# NWN e SDL

## bsolar

Sto cercando di installare NWN ma non sto avendo molto successo...

Ho usato l'installer che si può trovare qui ma una volta installato quando cerco di avviare il gioco mi becco un SDL Parachute deployed...

Qualcuno conosce qualche trucchetto di magia nera che mi più aiutare?

----------

## d3vah

Domanda banale: lo hai gia istallato sotto windows? 

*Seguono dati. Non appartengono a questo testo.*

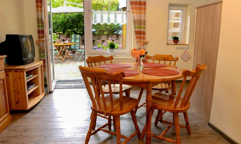- Wohnraum mit Couch, Sat-Farb-TV möglich, Essecke und Zugang zum Garten
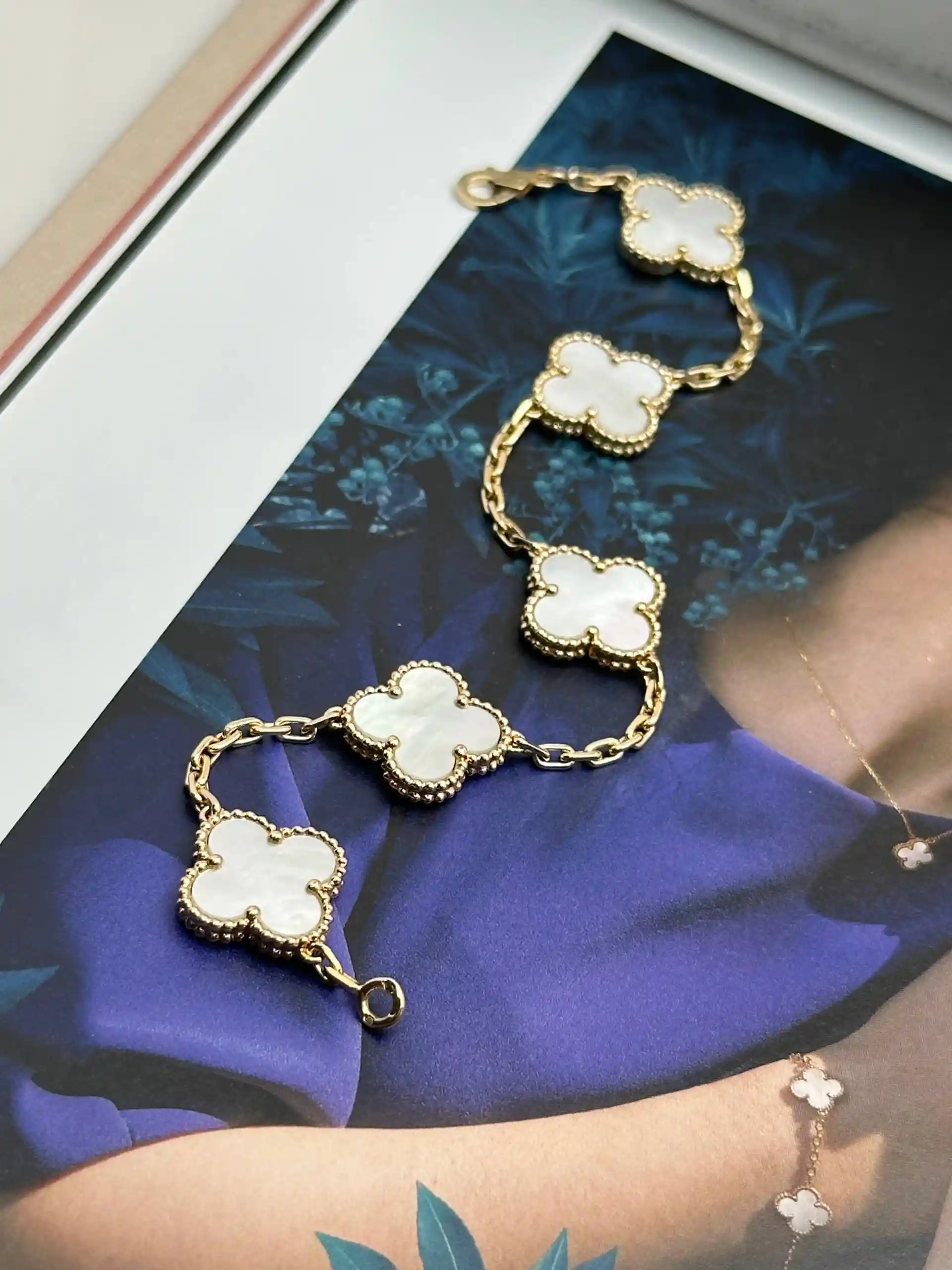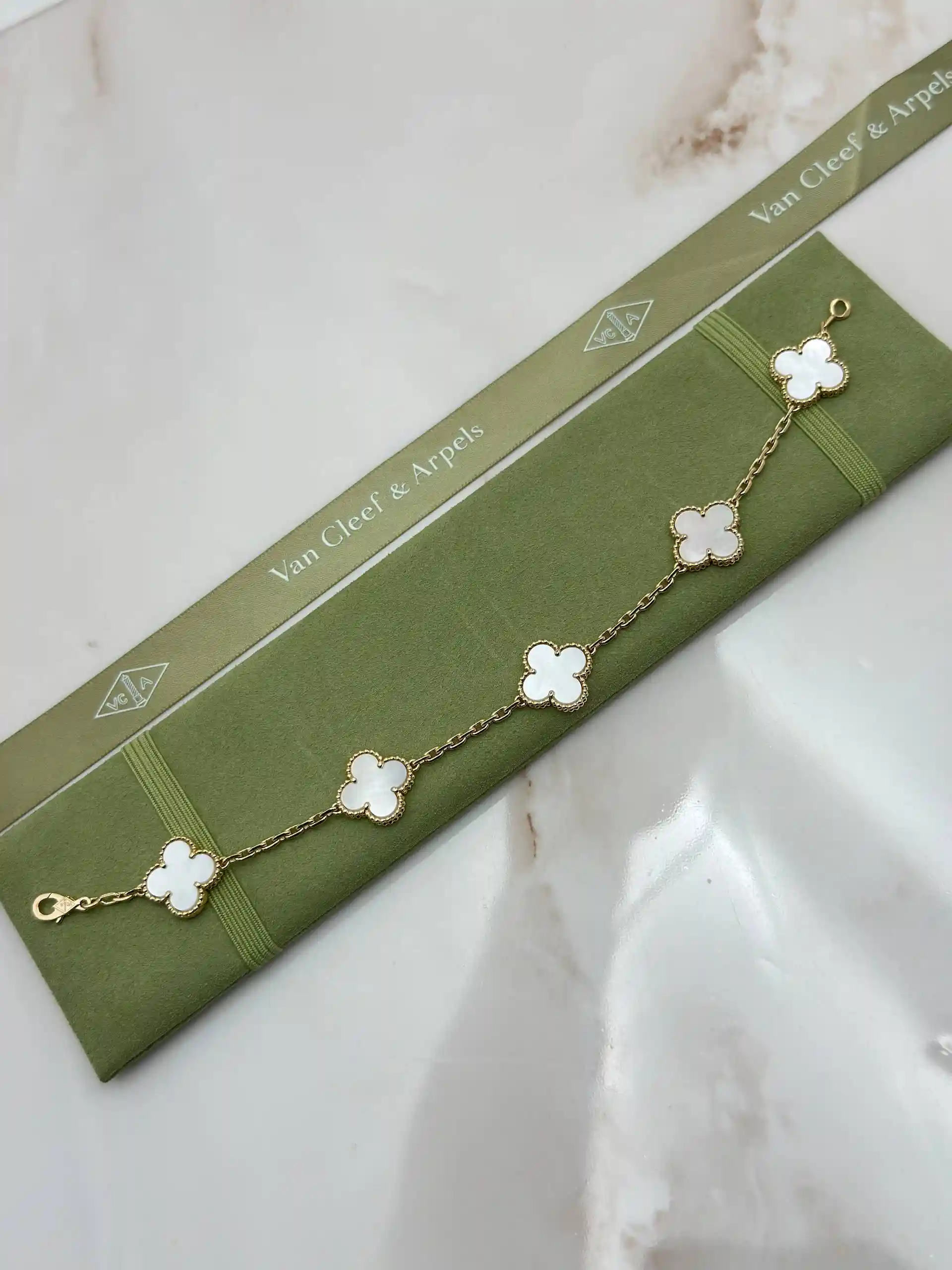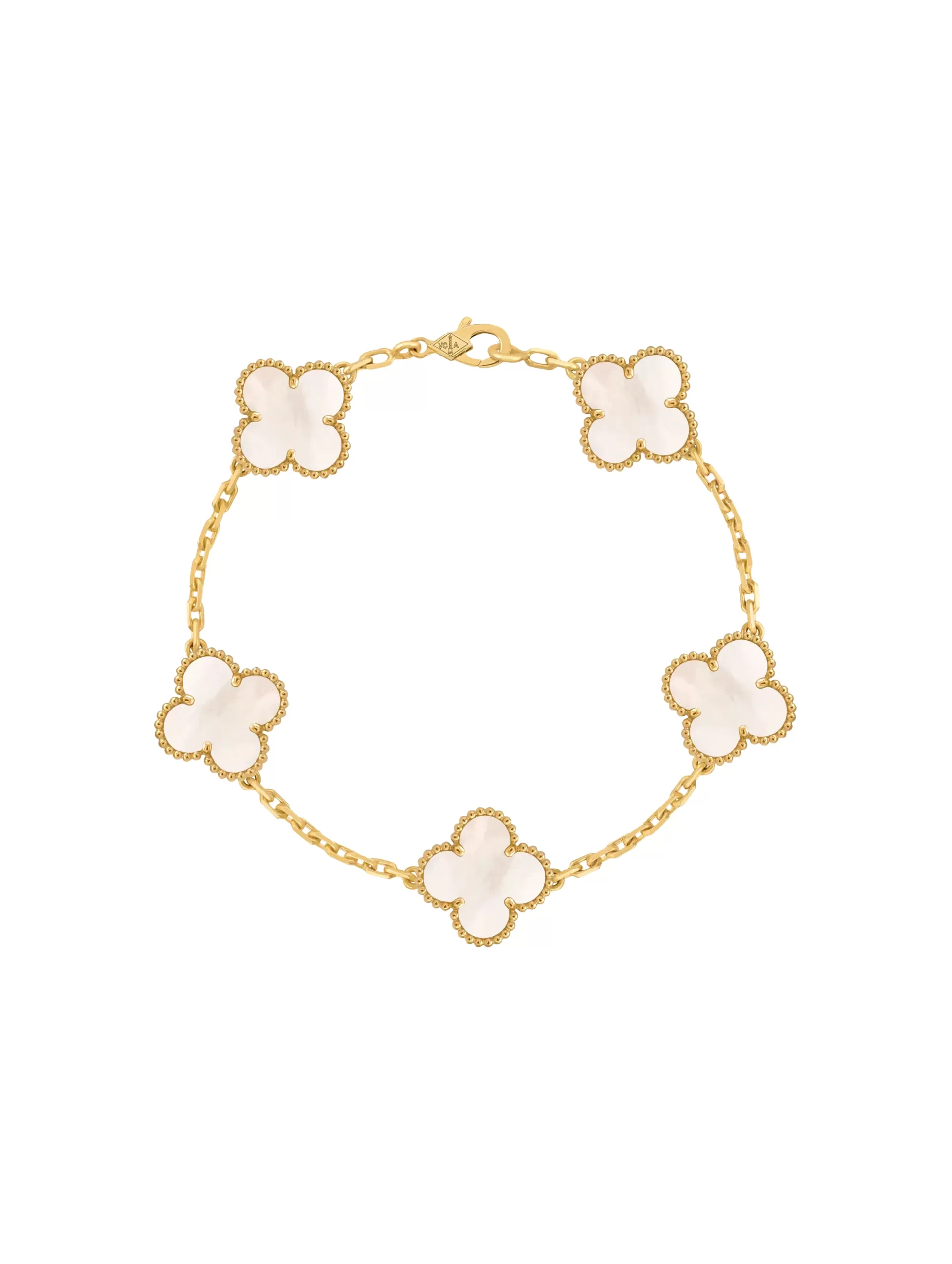 Buy Van Cleef Arpels Vintage Alhambra Bracelet VCARA41800, 5 Motifs, White Mother Of Pearl, 18k Yellow Gold, Best Price In Dubai & UAE, 100% Original
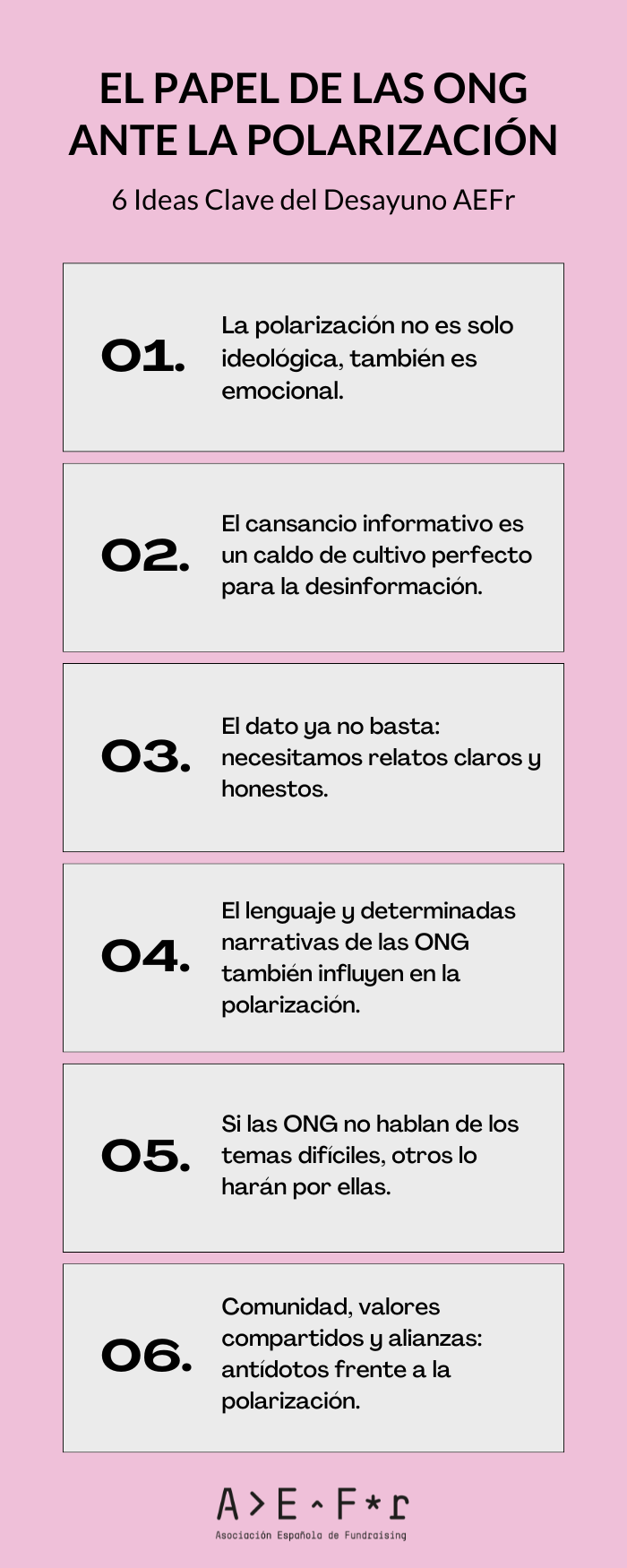 Es precisamente en este cruce de caminos donde se sitúa nuestro último Desayuno AEFr, «El papel de las ONG ante la polarización», que organizamos en Madrid y Barcelona en exclusiva para nuestros asociados. A partir de la investigación de More in Common y de las experiencias que compartieron organizaciones como Cáritas, porCausa, Amnistía Internacional y Oxfam Intermón, nos propusimos explorar qué papel puede jugar el tercer sector en un clima de división creciente y qué cambios internos necesita para no alimentar esa dinámica.

Io ho usato l'installer ufficiale preso dalla sua homepage usando una copia di una precedente istallazione fatta su windows ed ha funzionato senza problemi

----------

## Sym

Stesso mio problema...  :Sad: 

----------

## trespass

A me con i file scaricati dal sito bioware (librerie+client beta 4) funziona perfettamente.. con quelli dell'emerge non so. Io però ho preso le cartelle del gioco dalla partizione windows, non l'ho installato da cd su linux.

----------

## Sym

bsolar risolto per caso?   :Rolling Eyes: 

----------

## bsolar

 *Sym wrote:*   

> bsolar risolto per caso?  

 

Risolto, era un problema di files corrotti/mancanti. Purtroppo ho dovuto installare su win e trasferire da lì.  :Evil or Very Mad: 

----------